▶ What is being asked
Reproduce exactly the lines from the one containing "Arcane scrolls outline" through the end of the entries, including both. Drop the pictures.

# # # # #

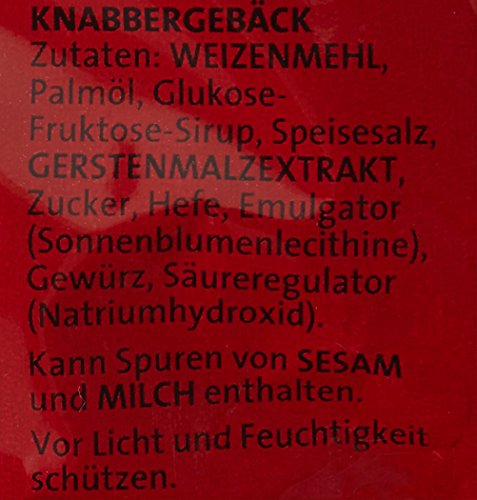 Zutaten: WEIZENMEHL, Palmöl, Glukose-Fruktose-Sirup, Speisesalz, GERSTENMALZEXTRAKT, Zucker, Hefe, Emulgator (Sonnenblumenlecithine), Gewürz, Säureregulator (Natriumhydroxid).Kann Spuren von SESAM und MILCH enthalten.
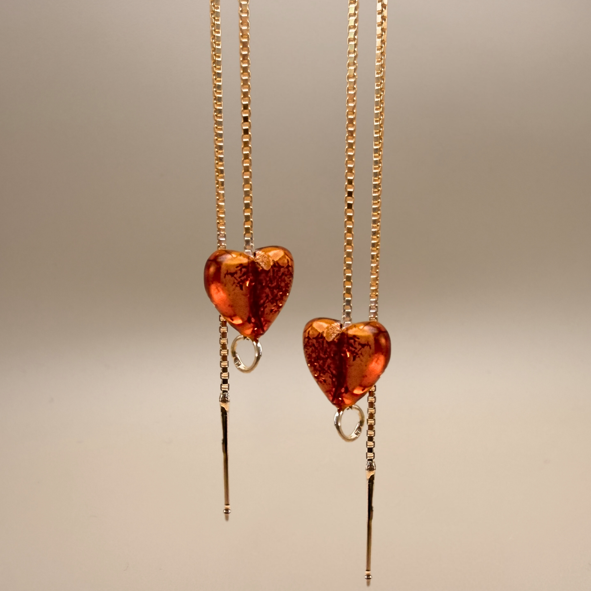 An einem Ende jeder Kette hängt ein helles Cognac-Bernsteinherz. Der warme, klare Ton des Bernsteins fängt das Licht wunderschön ein, während die Ohrringe schwingen, und verleiht Ihrem Look einen natürlichen goldenen Schimmer.
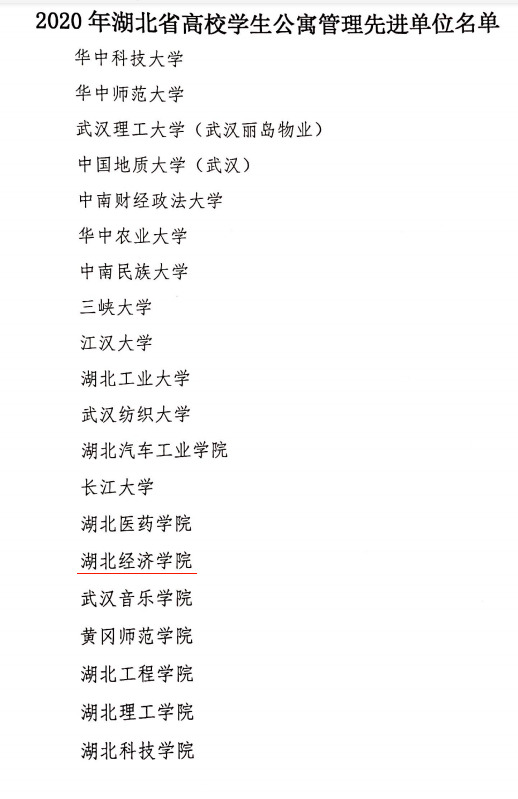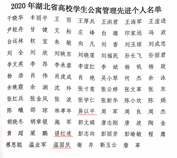 本網(wǎng)訊(通訊員 汪子欣)2020年12月7日,湖北省高等學(xué)校后勤研究會印發(fā)了“關(guān)于表彰2020年湖北省高校學(xué)生公寓管理先進(jìn)單位和先進(jìn)個人的決定”。我校榮獲“湖北省高校學(xué)生公寓管理先進(jìn)單位”榮譽(yù),桔九管理員易以平、桔五管理員諶紅連以及桂一管理員溫國慶榮獲“湖北省高校學(xué)生公寓管理先進(jìn)個人”榮譽(yù)。
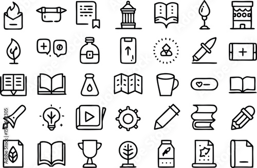 Arcane scrolls outline icon set a collection of mystical design elements isolated on transparent background
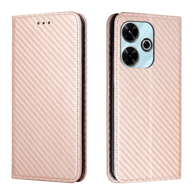 Θήκη τηλεφώνου από δέρμα με μαγνητικό κλείσιμο και υφή ανθρακονήματος για Redmi 13 4G (Μπλε)

# # # # #

▶ The answer
 Arcane scrolls outline icon set a collection of mystical design elements isolated on transparent background
 Θήκη τηλεφώνου από δέρμα με μαγνητικό κλείσιμο και υφή ανθρακονήματος για Redmi 13 4G (Μπλε)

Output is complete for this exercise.